The Republic of Tunisia is the northernmost country in Africa. It is part of the Maghreb region of North Africa, bordering Algeria to the west and southwest, Libya to the southeast, and the Mediterranean Sea to the north and east. It houses the archaeological sites of Carthage dating back to the 9th century BC, as well as the Great Mosque of Kairouan.
Tunisia is known for its ancient architecture, markets and blue shores, it covers approximately 164,000 km2 and has a population of around 12 million. It contains the eastern end of the Atlas Mountains and the northern part of the Sahara Desert, and much of the remaining territory of Tunisia is arable land. With almost 1,300 km of coastline, it includes the African junction of the western and eastern parts of the Mediterranean basin. Tunisia is home to the northernmost point of Africa – Cape Angel, and its capital and largest city is Tunis, located on its northeastern coast, after which the country gets its name.
The third blog post in the series of travelogues about Tunisia will be dedicated to the capital of this unusual North African country – Tunis, as well as an extraordinary town that reminds many of Santorini in Greece – Sidi Bou Said. Tunis is the most populated city and also the capital of the Republic of Tunisia. It is also the capital of the province of the same name since its creation in 1956. Located in the north of the country, at the bottom of the Gulf of Tunis, from which it is separated by Lake Tunis, the city stretches over the coastal plain and the surrounding hills. Its historical heart is the medina, which is on the UNESCO World Heritage List. A modest town placed in the shadow of Carthage, Kairouan, then Mahdia, was finally designated as the capital on September 20, 1159, under the impulse of the Almohads, and then confirmed in its status under the Hafsid Dynasty in 1228 and the country’s independence on March 20, 1956.

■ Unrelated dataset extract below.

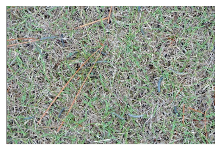
Treatment is recommended when counts exceed three caterpillars per square foot (do not count caterpillars that are less than one-fourth inch long).

The best way to avoid losing a cutting of hay to fall armyworms is to visit fields every 3 or 4 days and check for fall armyworms. Get out of the truck, get down on your hands and knees, and look closely. Scout for fall armyworms by vigorously ruffling the grass with your fingers and carefully counting the larvae that have fallen to the ground in a 1-square-foot area. Do this at several locations in the field and average your results. Treatment is recommended when counts exceed three caterpillars that are one-fourth inch or longer per square foot. Be sure to look carefully for small caterpillars. You want to find and treat them when they are small because small caterpillars are easier to control and, more importantly, have not eaten nearly as much as they are going to eat.

Tunis is the economic and commercial capital of the Republic of Tunisia. The density of the network of roads and highways and the structure of the airport make it the central point of national transport. This situation is the result of a long evolution, especially of centralized conceptions that give a significant role to capital and tend to concentrate institutions there to the extreme. In 2014, the population of the municipality of Tunis was approximately 650,000 inhabitants according to the census of the National Institute of Statistics. However, during the 20th century, the agglomeration developed to a great extent outside the municipality’s borders, spreading over four governorates, Tunis, Ariana, Ben Arous and La Manouba. Greater Tunis had 2,643,695 inhabitants in 2014, or about 14% of the country’s population. In 2017, Tunisia was ranked as the fifth Arab city in which to live well
The city of Tunis is built on a series of hills, which culminates at forty meters above sea level and slopes gently towards Lake Tunis, but presents a steep slope in the opposite direction. These hills, which follow the slopes of the Ariane and correspond to the places called Notre-Dame de Tunis, Ras Tabia, La Rabta, La Kasbah, Montfleuri and La Manoubia, have altitudes that barely exceed 50 meters.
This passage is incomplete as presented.